Daydreams are fun, but our brains really need the nocturnal kind.
A column I wrote about sleep will appear in the Elk Grove Citizen on Wednesday, Aug. 26.
There is so much information by scientists, physicians and laymen about sleep. Why we need it, what happens if we don't get it and how to get more.
We all need different amounts of sleep and NO ONE is excluded from needing it. Even if you can pull an all-nighter by drinking three Red Bulls or a gallon of coffee, by the next night your body will need more sleep to make up for the missed hours.
I started writing my weekly column about sleep because, well, I was tired. But fortunately, as an adult, I can help myself to a cup or tea or coffee to perk up. Children on the other hand cannot.
The most fatigued I've ever been was in junior high school. I woke up about the same time I do now- 6 a.m. But I was a growing teen then. I had a full schedule of extra curricular activities and after school activities too. Of course, I had fewer responsibilities than I do now. And I still have a packed schedule. But I think that extra hour or two would really help growing young adults.

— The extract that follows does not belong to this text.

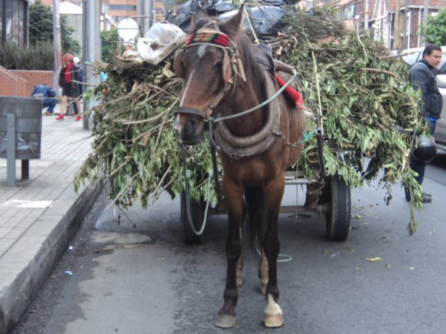En la zona de la 76 con 9 Bogotá un zorrero o carretillero movilizaba una pesada y gran carga de escombros ramas y árboles cortados. Después de recibir una multa aplicada por un policía de transito y gracias a la intervención de fundani pro animales Fabiola Blanco fue obligado a mover el con su propia fuerza la carreta que el pobre caballo debía arrastrar hasta la ADA en donde el caballito quedo en recuperación. Recibir un poco de su propia medicina es a veces más que justo ante la inequidad y crueldad con los pobres caballos.

A New York Times article titled “Snooze or Lose” focused on overscheduled, extremely ambitious children missing out on sleep. According to experts in the article, students now sleep one hour less than children did 30 years ago.

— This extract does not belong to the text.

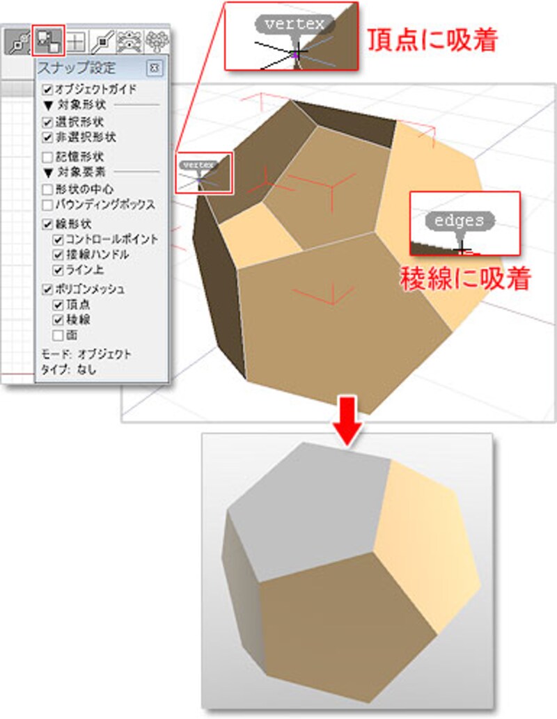 「オブジェクトガイド」を有効にして、「スナップ設定」でどこにスナップさせるのかを指定すると、稜線や頂点などにカーソルが重なったときに「edges」「vertex」という吹き出しが表示されるので、そのタイミングでクリックして正確にスナップさせます。

“It has been documented in a handful of major studies that children, from elementary school through high school, get about an hour less sleep each night than they did 30 years ago. While parents obsess over babies’ sleep, this concern falls off the priority list after preschool. Even kindergartners get 30 minutes less a night than they used to,” according to the article.
Stress may be part of the lack-of-sleep problems experienced by students, but I think schools start too early for many young kids.
I know this is so students’ schedules match-up with their parents’ work schedules. But ensuring students, especially children, get adequate sleep is essential to their success. “One study found that REM sleep affects learning of certain mental skills. People taught a skill and then deprived of non-REM sleep could recall what they had learned after sleeping, while people deprived of REM sleep could not,” according to the National Institute of Health Web site.